The People with the Dogs
- First edition
- Author: Christina Stead
- Language: English
- Genre: Literary fiction
- Publisher: Little, Brown
- Publication date: 1952
- Publication place: USA
- Media type: Print
- Pages: 345pp
- Preceded by: A Little Tea, a Little Chat
- Followed by: Dark Places of the Heart

= The People with the Dogs =

Book by Christina Stead

The People with the Dogs (1952) is a novel by Australian writer Christina Stead.

==Story outline==

Edward Massine has returned home to New York from the Second World War to his family. The last of his line he is in a comfortable position that he finds difficult to break away from.

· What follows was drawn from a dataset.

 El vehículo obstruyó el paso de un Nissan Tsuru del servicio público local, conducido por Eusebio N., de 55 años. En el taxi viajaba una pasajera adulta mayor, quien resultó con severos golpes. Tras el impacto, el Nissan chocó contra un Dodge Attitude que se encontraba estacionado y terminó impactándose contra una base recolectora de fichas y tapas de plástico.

He waits to marry his long-term girlfriend who chooses another, but subsequently meets and marries Lydia, an actress, exchanging his family life for a new future.

==Critical reception==

A reviewer in Kirkus Review found good and not-so-good points with the book: "An acrid, often amusing, occasionally tiresome probing of a rather squashy segment of New York City's population and also an examination of the problem of nonconformity in contemporary society - a novel sounding some telling notes which unfortunately evaporate into the thin upper air of attenuated symbolism."

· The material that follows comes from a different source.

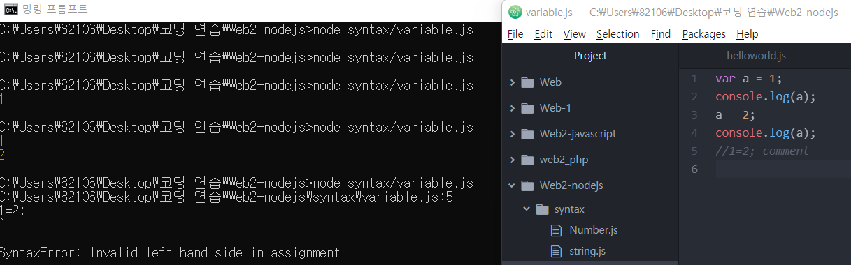 성공적으로 변수 1과 2를 불러오는데 성공했다.
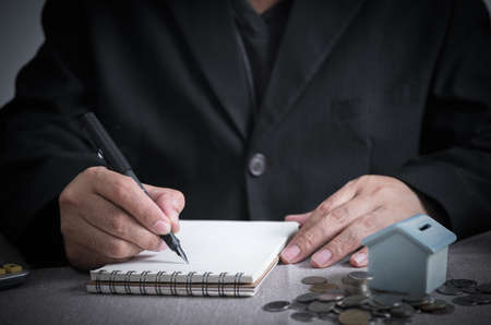 Businessman write income and expenses on notebook with house piggy bank and coin on table, business and saving money concept

In 2011 Edmund White listed the novel as one of his "top 10 New York Books" in The Guardian: "A study of indolent, comfortable New Yorkers in the period just after the war. These are people who are constantly visiting one another, sitting on their stoops, playing with their pets, enjoying life to the fullest. I can think of no other novel that is so agreeable and so devoid of incident."